Okay, maybe it wasn’t quite that bad, but it was a wild one on the south side on Thursday afternoon. The Dodgers spotted the White Sox to a four run lead, came roaring back to take a lead of their own in the middle innings, and then nearly threw it away in the last two frames. It. Was. Something.
Anyway, when the dust had cleared, the Dodgers had an 11-9 victory and series win. But nothing about this game went according to script. For anybody. Let’s dig in, shall we?
Anderson gets rocked, streak broken
The first big surprise of the afternoon was the oddly ineffective and inefficient outing by the usually reliable Tyler Anderson for the Dodgers. While his counterpart Dylan Cease held the Boys in Blue in check for the first part of the game, Anderson was roughed up pretty quickly. He had a couple of scoreless innings to extend his streak of zeroes to 28 consecutive innings, but about then the wheels fell off the apple cart for the soft-tossing lefty.
The trouble began when Josh Harrison led off the bottom of the third with a triple and scored on an infield ground ball. The streak was broken, but no further damage was done in the inning. However, the same couldn’t be said for the following frame. The fourth started out with a walk to Jose Abreu and a single to Josh Burger, but it was AJ Pollock who supplied the big shot in the inning. Just as he had on Tuesday night, the former Dodger reminded his old employer what they were missing. He ripped an opposite field double down the right field line that scored Abreu and moved Burger to third. Already it was 2-0 Sox.

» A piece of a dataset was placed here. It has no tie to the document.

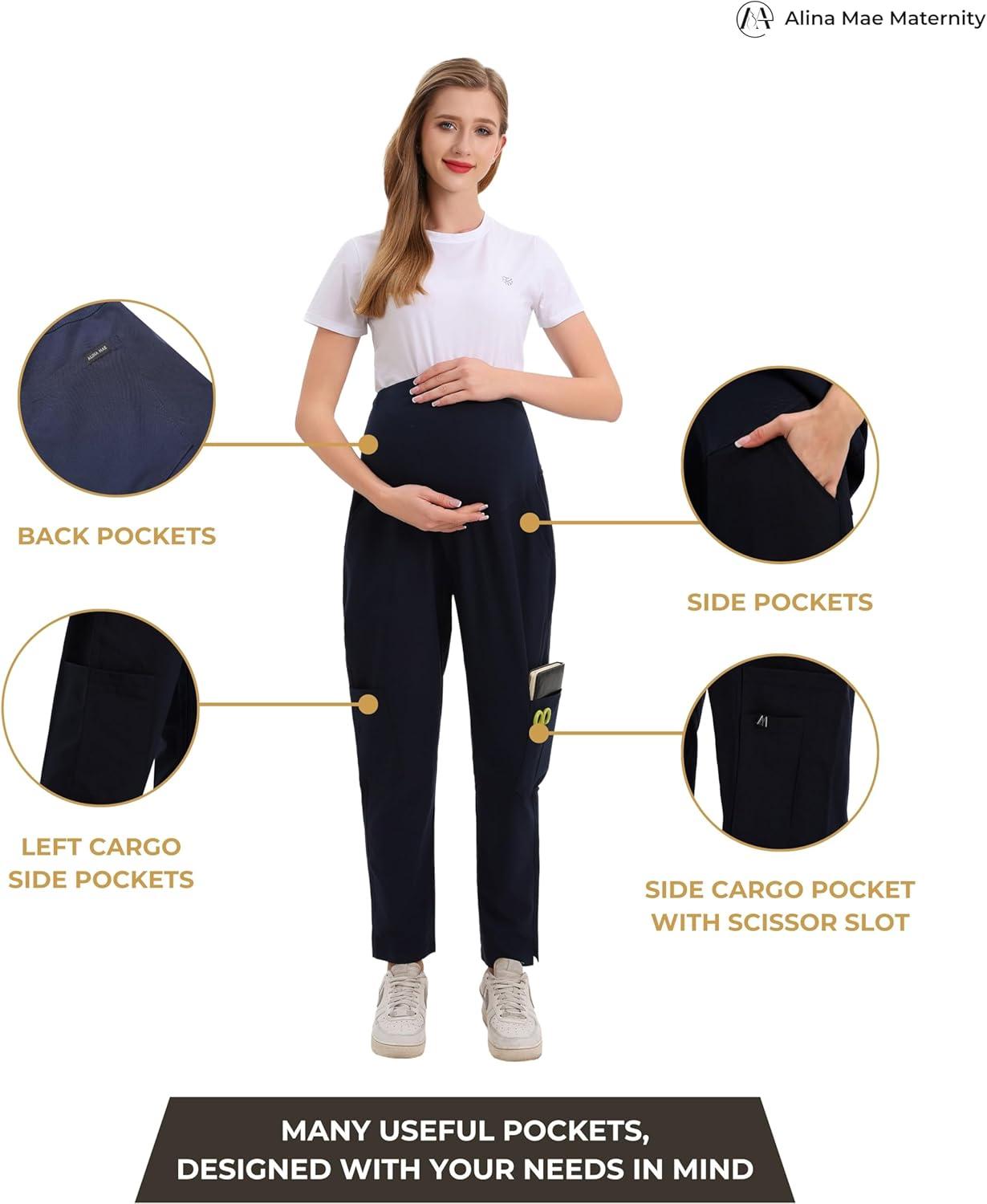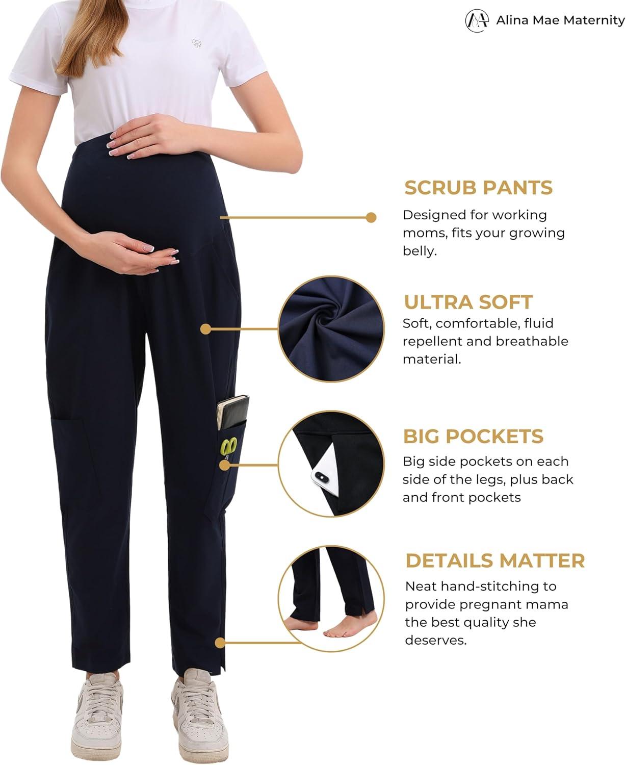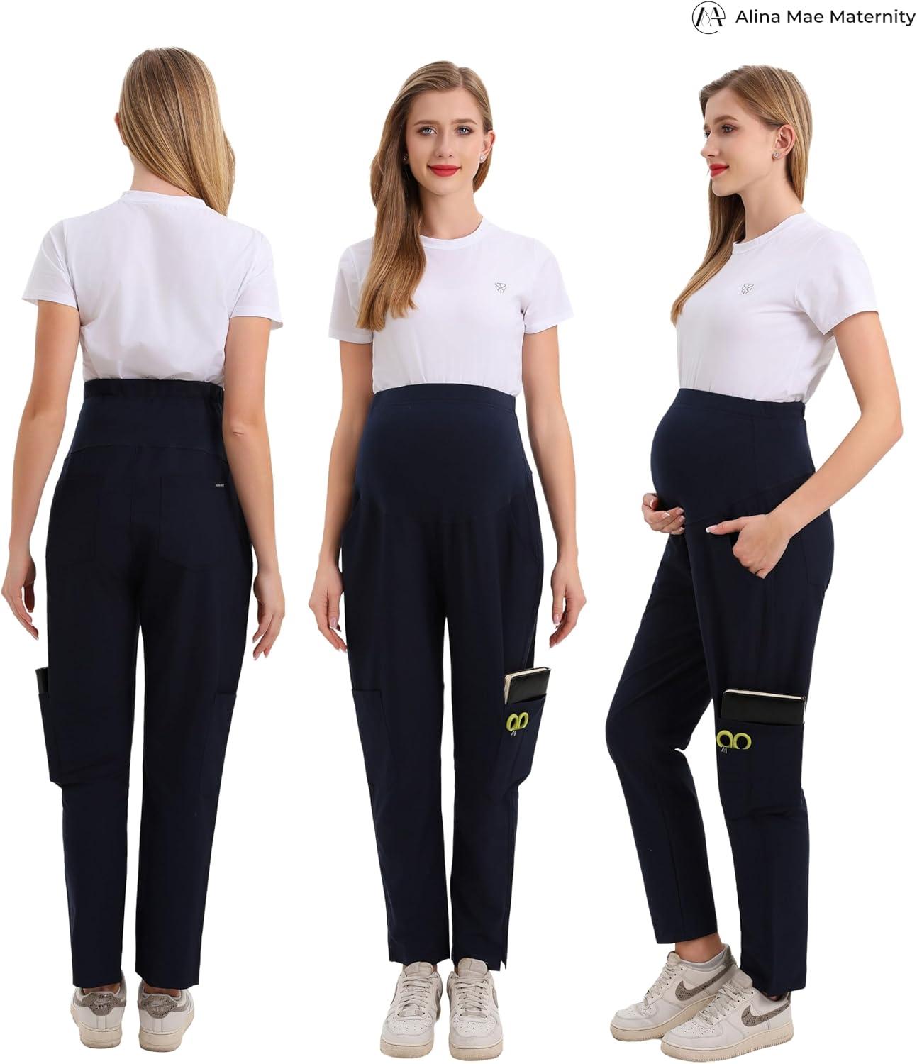 Maternity Women Scrub Jogger Pants for Pregnant Doctor Uniform Pant Nurse Scrub(Navy)

After Yasmani Grandal walked, Dave Roberts had seen enough. However, Anderson’s replacement, Brusdar Graterol, didn’t fare much better. He plunked a batter to score a run on his second pitch, and then gave up a sac fly two pitches after that. A very David Pricean performance. The inning finally ended with the Dodgers in a four-run hole going into the fifth.
Dodgers flip the script
However, boy howdy, did things ever change after that. Over the next two innings, the Dodgers batted around a couple of times and put ten (count ’em, ten!) runs on the board. In the fifth, most of the damage came with two outs, thanks to doubles by both Freddie Freeman and the newly activated Max Muncy, just back from his rehab start in OKC.
Then, in the sixth, Tony La Russa got a little too cute and walked Trea Turner with a 1-2 count (what was he thinking?) in order to get a left on left matchup with Muncy. Max didn’t particularly care for that monkeyshine, so he promptly whacked a three-run home run to left center to make the score a seemingly insurmountable 10-5.

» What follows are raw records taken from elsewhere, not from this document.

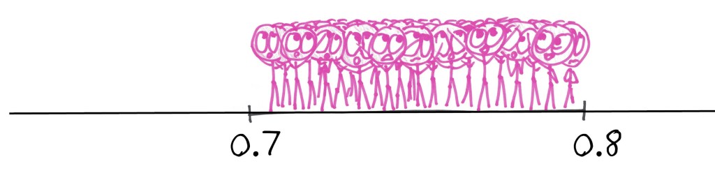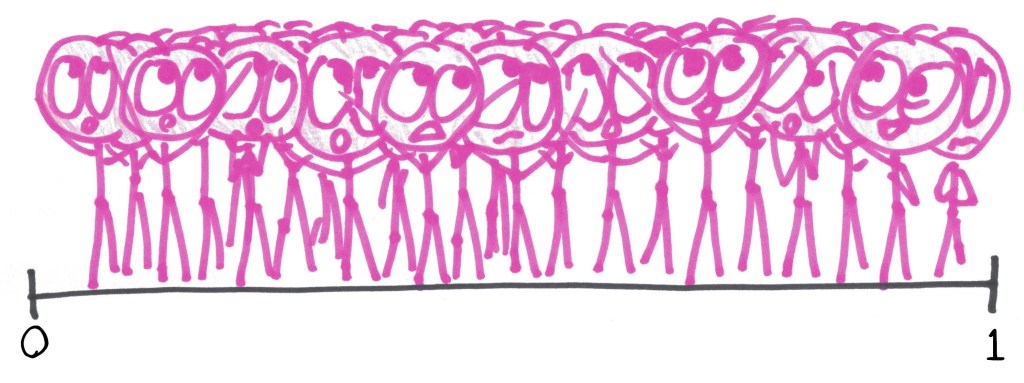 I say “no chance” literally. They were sampling uniformly from the unit interval. Each of us had the same probability of victory: zero. Yet (and I know I was not alone in this) I was sure that I would triumph. In an irrational space of my mind, lower than logic and deeper than thought, I non-reasoned thus:
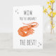 Faça a mãe feliz com esta Dia de as mães com um belo cartão inspirado no camarão! Personalize a palavra "Mãe" para qualquer outro nome ("Mãe", "Nana", etc.). Esta carta apresenta um gráfico adorável de camarão no estilo pintado com aquarela com uma simples tipografia com a piada caprichosa "Mãe, você é o melhor."
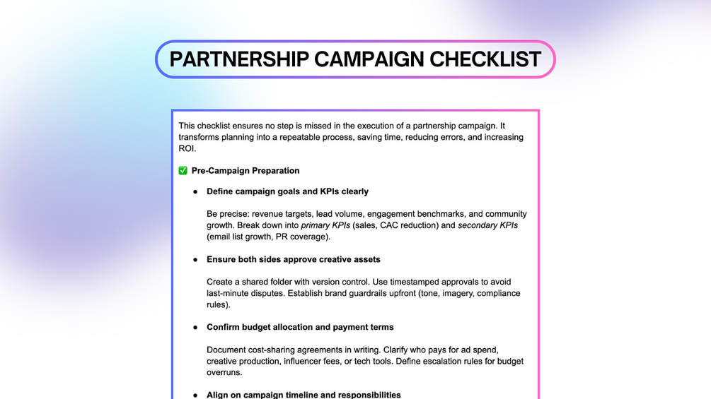 - Partnership Campaign Checklist – Plan and execute joint campaigns without missing a key step.
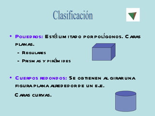 Este documento describe las características de diferentes tipos de poliedros y cuerpos geométricos tridimensionales. Explica que los poliedros tienen caras planas y pueden ser regulares como el cubo o irregulares. Los prismas y pirámides son poliedros con caras planas, mientras que los cuerpos de revolución como el cono, cilindro y esfera tienen caras curvas obtenidas al girar una figura plana alrededor de un eje. También clasifica y define elementos geométricos clave de estos

Bullpen falters, but holds on
However, the Sox did their best to “surmount” that lead. They took advantage of an erratic Alex Vesia in the eighth and a ineffective Daniel Hudson in the ninth to score four runs and crawl right back into the game.

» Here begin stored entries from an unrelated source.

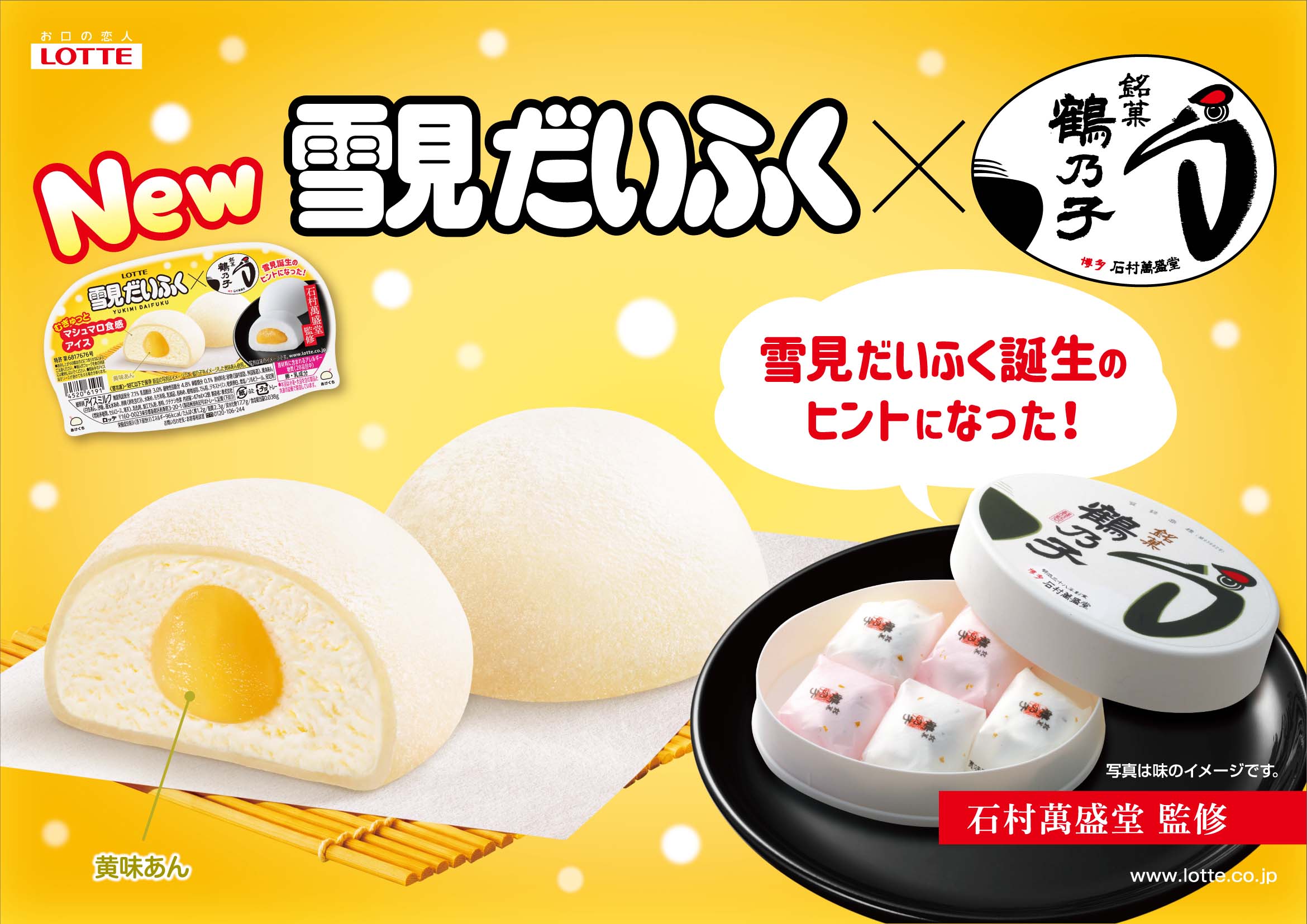 雪見だいふく発売40周年!夢のコラボ♪石村萬盛堂監修!ロッテ『雪見だいふく × 鶴乃子』やわらかいおもちの中にはマシュマロ風味&食感のアイス、さらに濃厚な黄味あん!博多銘菓「鶴乃子」の味わいをイメージした雪見だいふく。#雪見だいふくの日 pic.twitter.com/pGz40Zy9af
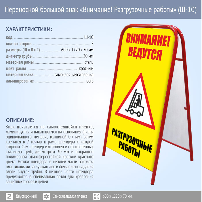 Переносной большой знак «Внимание! Разгрузочные работы» (Ш-10, двусторонний, самоклеящаяся пленка) в Ачинске купить
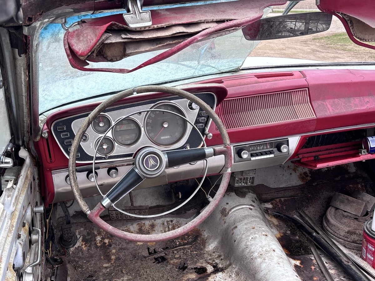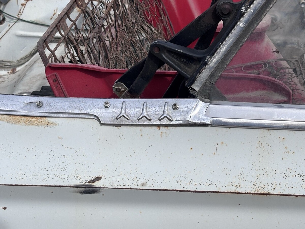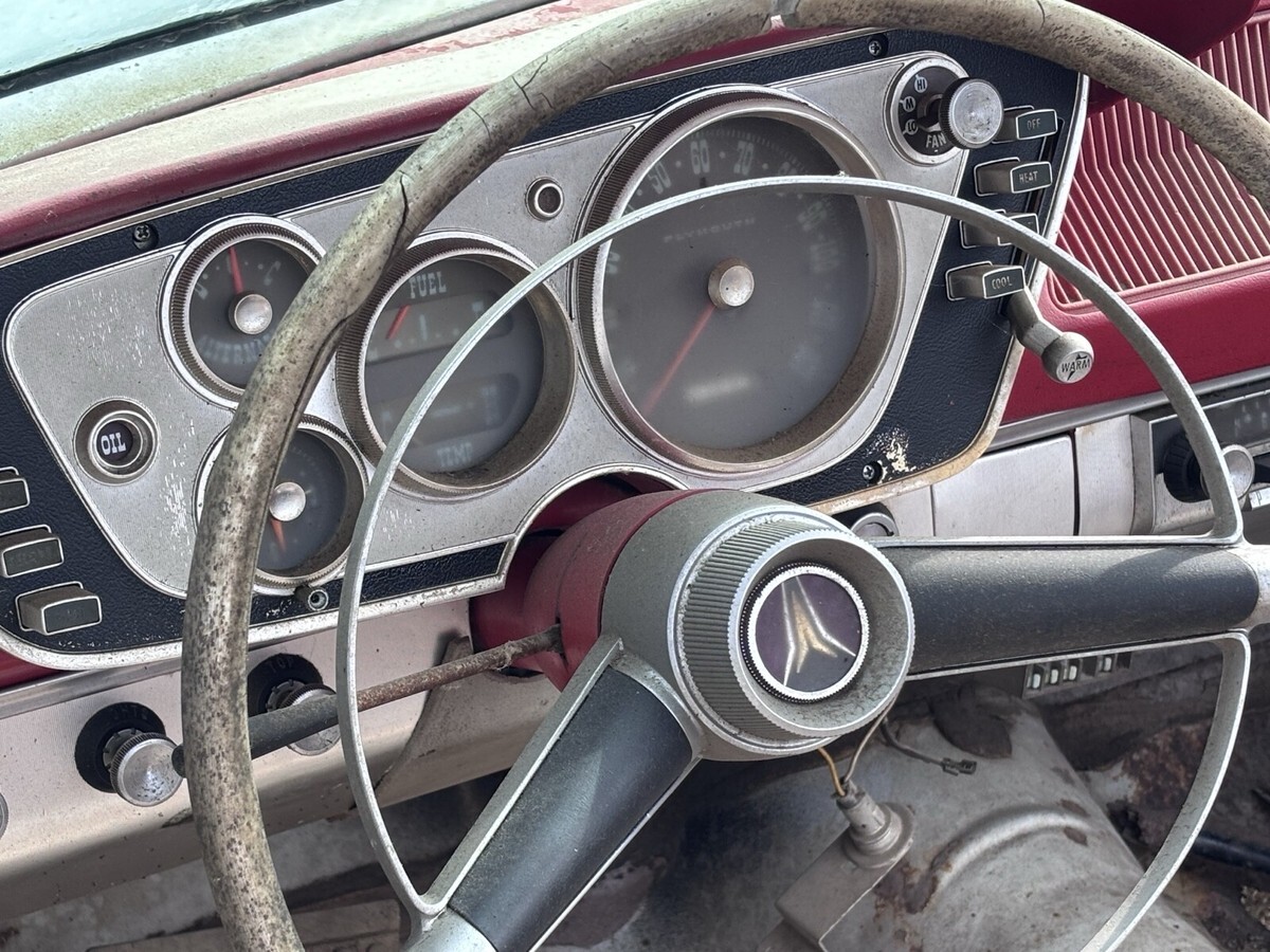 1963 Fury Convertible 318 Auto. White and red, no front seat, decklid or rear bumper. Needs restoration. Dash area all complete and decent.

Now behind 11-9 (Gavin Lux had knocked home the Dodgers’ 11th run in the ninth), the Sox had the winning run at the plate with two outs. Luckily, Hudson got a whiff from pinch hitter Gavin Sheets to end the game and preserve the win. It was a crazy end to an insane game.
On to San Francisco…
Winning this series, the Dodgers push their road record to 21-10, best in baseball. If not for the underperformance at home this year, the Dodgers could be starting to get some separation from the pack. As it is, though, the standings have been sort of frozen in place for the last couple of weeks. However, the Dodgers can do their cause a lot of good in the race this weekend with a good series against the Giants up in Oracle Park. The Giants are hanging on by their fingernails right now, trailing the Dodgers by 6.5 games. They could fall off the end of the earth this weekend, or they could play themselves right back into contention. Should be a good weekend of baseball. Walker Buehler tries to right the ship on Friday, facing off against righty Jakob Junis. Let’s go!
Cans of Corn…
- Man, it was good to see Max Muncy getting hits in the middle of the lineup again. That’s what this batting order should look like.
- Gavin Lux had a very good afternoon — 4-for-4 with an RBI and two runs scored. The good day at the office raises his batting average to .290. That’s kind of All-Star-ish, isn’t it?
- Hopefully this is just a bump in the road for Anderson, but he just didn’t have it in this one.
- Freddie Freeman, very quiet in the first two games of the series, went 3-for-5 with 2 RBI.
- Mookie Betts went 0-for-6. Is it a slump, or a few bad days? Time will tell.
- Not impressed by the bullpen of late.
- I can’t be the only one who wants more high leverage from Yency Almonte.